As the World Wide Web is increasingly popular, numerous copies of the same documents can be generated and spread very easily. A large amount of redundant web documents may cause severe problems for search engines: more space is needed to store the web documents; more time is needed for indexing; and the search results are less useful to users due to the large amount of redundant information. Sometimes it also causes problems that are related to copyright or intellectual property right. Thus, researches on detecting near-duplicate documents have gained attention in IR, WWW, digital libraries, and other related areas [1, 2, 3, 4]. The definition of “near-duplicate” is documents that differ only slightly in content [4]: such as one document is a modification of the other via insertion, deletion or replacement of some terms. A near-duplicates detection algorithm compares two documents mainly based on syntactic similarity. For all the web documents, some prior treatment is necessary since they are usually very noisy. We need to extract the main content of a web document by removing html tags, navigation links, advertisements, and so on. The similarity of two documents can be calculated by comparing how many words or sentences are the same in one way or another. If the similarity between the two documents is greater than a given threshold, then we may regard them as near-duplicates. Although quite a few methods for detecting near-duplicate documents have been proposed, it is still a challenge to have one that is both effective and efficient. One DEXA 2015. © Springer-Verlag Berlin Heidelberg 2011

very efficient method was proposed by Wang and Chang in [4]. They take the number of terms in a sentence as the surrogate of that sentence. Thus each sentence is represented as a number. Two sentences are assumed to be identical if they have the same number of terms. In order to calculate the similarity of two documents, they use a fixsized sliding window to decide how many sentences in the documents are to be compared. Obviously one problem of this method is its effectiveness since the number of terms in a sentence is not accurate enough to distinguish a sentence from others. Another problem is that using a fixed-size window is not able to find all possible matches unless the window is large enough to map the whole document. Effectiveness of the method is therefore further affected. However, using the number of terms in a sentence can be a good starting point, and errors in detection can be reduced by a few measures implemented at a relatively low cost. In this piece of work, we also apply the same feature (number of terms in the sentence) for the matching of a sequence of sentences. Specifically, we apply three measures to make the detection very effective and efficient:  Instead of using fix-sized sliding windows, we use a suffix tree to compare two documents. By using a suffix tree we are able to find all possible pairs of identical sentences. This is good for improving effectiveness of the detection process. The detection process is also very efficient;  To further mitigate the problem of relatively low accuracy caused by using the number of terms in a sentence as the only factor, we add a simple validation process after sentence sequence match, e.g., by comparing a few terms at particular positions in all the sentences involved.
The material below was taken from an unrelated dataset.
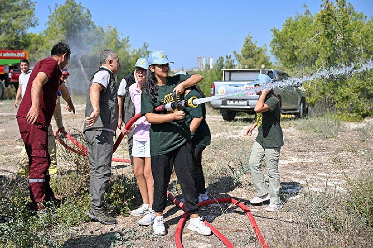 Bu çerçevede, Sarıçam ilçesi Balcalı Orman İşletme Şefliği’ne ait ormanlık alanda öğrenciler, ağaç türlerini yakından tanıma fırsatı buldu ve orman ekosistemi üzerine çeşitli eğitimlere katıldı. Eğitimlerin ardından öğrencilere yönelik bir yangın söndürme tatbikatı düzenlendi. Tatbikat senaryosuna göre, yangın ihbarı alındıktan sonra arazözle olay yerine intikal eden öğrenciler, su hortumları kullanarak yangına başarılı bir şekilde müdahale etti.

Our experiment shows that these measures work and the proposed method is efficient and effective. Thus we believe the method has good potential to be used in practice. The remainder of this paper is structured as follows: in Section 2, we describe some related work. Section 3 details the near-duplicate document detecting method including all the components. Section 4 presents the experimental results. Conclusions are provided in Section 5.

2

RELATED WORK

Near-duplicate document detection can be used in different situations such as in Web search engines for duplicates removal [10, 11] or in digital libraries for document versioning and plagiarism detection [9, 12]. Two pieces of earliest work are from Garcia-Molina and his colleagues [5, 12]. Another early piece of work is done by Broder [1]. Broder used shingles to represent documents. A shingle is basically an n-gram of terms and a document is composed of a series of n-grams. For two documents, if they share more shingles, then they bear more similarity. However, it is a tedious task to compare all possible pairs of shingles between two documents, especially long ones. In Broder’s work, not all shingles, but

only a subset of them are considered and the hash function is used for speeding up the comparison process. SCAM [5] takes the bag-of-words approach. It uses word as the unit of chunking to represent documents and stores chunks in the inverted index structure [14]. In [5], the Relative Frequency Model (RFM) is proposed for detecting overlap between two documents. RFM is different from the traditional Vector Space Model (VSM) [13]. Chowdhury et al. proposed a method, I-Match, by using statistics of the whole collection [2]. It ignores very infrequent terms or very common terms according to the IDF value of the collection. SpotSigs [19] is one form of n-gram. But instead of using a fixed number of n terms, SpotSigs divides a sentence into short chains of adjacent content terms by using stopwords as separators. According to [19], Performance of SpotSigs is affected significantly by the stopwords used. Lin et al. [3] proposed a supervised learning algorithm to detect near-duplicates using sentence-level features. A support vector machine (SVM) is adopted to learn a discriminate function from a training pattern set to calculate the similarity degree between any pair of documents. Zhang et al. [6] presented an efficient algorithm for detecting partial-duplicates. This approach was explored with MapReduce [7] which was a framework for largescale distributed computing and sequence matching algorithm. Wang and Chang [4, 8] proposed a method that takes the number of terms in a sentence as the surrogate of that sentence, and then using a sliding window to compare two documents by a certain number of sentences inside the window. The size of the sliding window and the number of sentences that each time the sliding window moves forward affect the performance. Therefore, they empirically investigate many different combinations. Similar to Wang and Chang’s work, we use the same feature as they do. Apart from that, we made significant contributions in several different ways as mentioned at the end of Section 1. These measures ensure our method work efficiently and effectively at the same time.

3

PROPOSED APPROACH

Depending on the format of documents, some pre-processing is usually necessary before we can use a near-duplicate document detection method. In the following, we assume that all the documents have been treated properly and are ready for use as pure textual documents. The pseudo-code of our near-duplicate document detection method SL+ST (Sentence Length + Suffix Tree [15, 16]) working with two documents is shown in Figure 1. If we need to do it with a collection of documents, then the extension is straightforward by comparing all different pairs.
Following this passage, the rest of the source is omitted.